Les Aztèques pratiquaient une domination guerrière-patriarcale, comme tous les peuples méso-américains dominants à tour de rôle. C’était une guerre permanente, avec des sacrifices humains permanents, afin d’asseoir la perpétuation de la domination.
L’effondrement subit de certaines civilisations en Mésoamérique, comme les Olmèques, les Toltèques, les Mayas, etc., tient à ce qu’il s’agissait de cités-Etats : une défaite de celle dominante amenait la disparition des structures de pouvoir en place, la perte des hiérarchies économiques et religieuses, et un basculement vers un nouveau pouvoir concurrent.
Les Aztèques dominaient concrètement de manière précaire : très peu nombreux, les conquistadors n’ont pas eu de mal à soulever toute une série de peuples contre eux.
L’empire inca consistait par contre en un Etat central accompagnant des communautés locales en s’appropriant tout le surplus productif pour le redistribuer. L’État était une structure ayant le rôle de maintenir un cadre à une multitude de petites structures agraires locales, ce qui a abouti à un intense questionnement sur le caractère socialiste, ou plus exactement socialiste primitif, d’un tel système.
Autrement dit, l’empire inca était aussi une sans réelle dynamique, tout en reproduisant lentement mais sûrement la vie quotidienne, avec de lentes améliorations. Ce qu’on appelle l’empire aztèque était par contre un chaos de peuples se bataillant et cherchant à se dominer par la terreur.
Cela aurait dû donner naissance à un empire unifié, mais pour des raisons historiques l’unification était impossible et on en restait à la guerre permanente.
Pour cette raison, le chamanisme de l’empire inca était tempéré, celui des Aztèques entièrement débridé.
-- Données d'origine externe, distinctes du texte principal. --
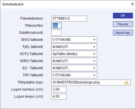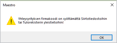 Yhteysyritys on se yritys, jolle haetaan Tulorekisterin varmenne ja minkä kautta ilmoitukset lähetetään. Kun yhteysyrityksen firmakoodi syötetään Siirtotiedostot -valintaikkunaan valinnalla Tiedosto/Palkat/Yleistiedot/Siirtotiedostot, on sama yhteysyritys käytettävissä Tulorekisteri-yhteyksissä samassa Maestro-ympäristössä olevilla kaikilla yrityksillä.

Les sacrifices humains comptaient des formes très diverses (pendaison, écorchement afin que les prêtres se revêtissent de la peau, crémation, enfouissement, etc.), dont le fameux arrachage du coeur à un sacrifié encore vivant. Cela avait une fonction chamanique : le sang versé était un don aux dieux.
Cela avait une fonction politique : la terreur. Cela avait une fonction démographique : limiter la population en général, affaiblir le nombre d’hommes des ennemis, procurer de la viande humaine aux élites.
La démarche est chamanique : le meurtre permet la liaison avec les dieux ; il fallait sacrifier pour le dieu du feu, celui de la pluie, celui des eaux, pour empêcher la fin du monde, etc.
On est dans le fétiche du sang versé. Pour cette raison, l’automutilation était également une tradition. Donner son sang, c’était se mettre en contact avec les dieux. Les automutilations visaient à faire couler le sang, dans la douleur et c’est là qu’on retrouve, comme pendant, la consommation de produits hallucinogènes.
Il faut ajouter à cela un nombre significatif de superstitions : valoriser le fait de loucher au point de faire tenir un pendentif devant les yeux des bébés, pratiquer les modifications corporelles comme les scarifications, etc.
C’est là qu’on voit que la société aztèque était un patriarcat abouti, mais sans profiter de la domestication des animaux de manière suffisante, puisqu’il n’y avait pas d’animaux de trait ni d’élevage d’animaux autre que des poules et perdrix, de manière artisanale.
La société aztèque était condamnée à halluciner, par les drogues, et par le sang versé. C’était une société condamnée historiquement.
C’est en ce sens que l’exemple aztèque doit être étudié, en ce que son effondrement immédiat par les conquistadors indique que les massacres, mutilations et automutilations forcenées de la civilisation mésoaméricaine témoigne d’une humanité qui est encore en roue libre tant qu’il n’y a pas l’agriculture et la domestication des animaux.
Et la combinaison dialectique de l’agriculture et de la domestication des animaux conduit à l’instauration du monothéisme.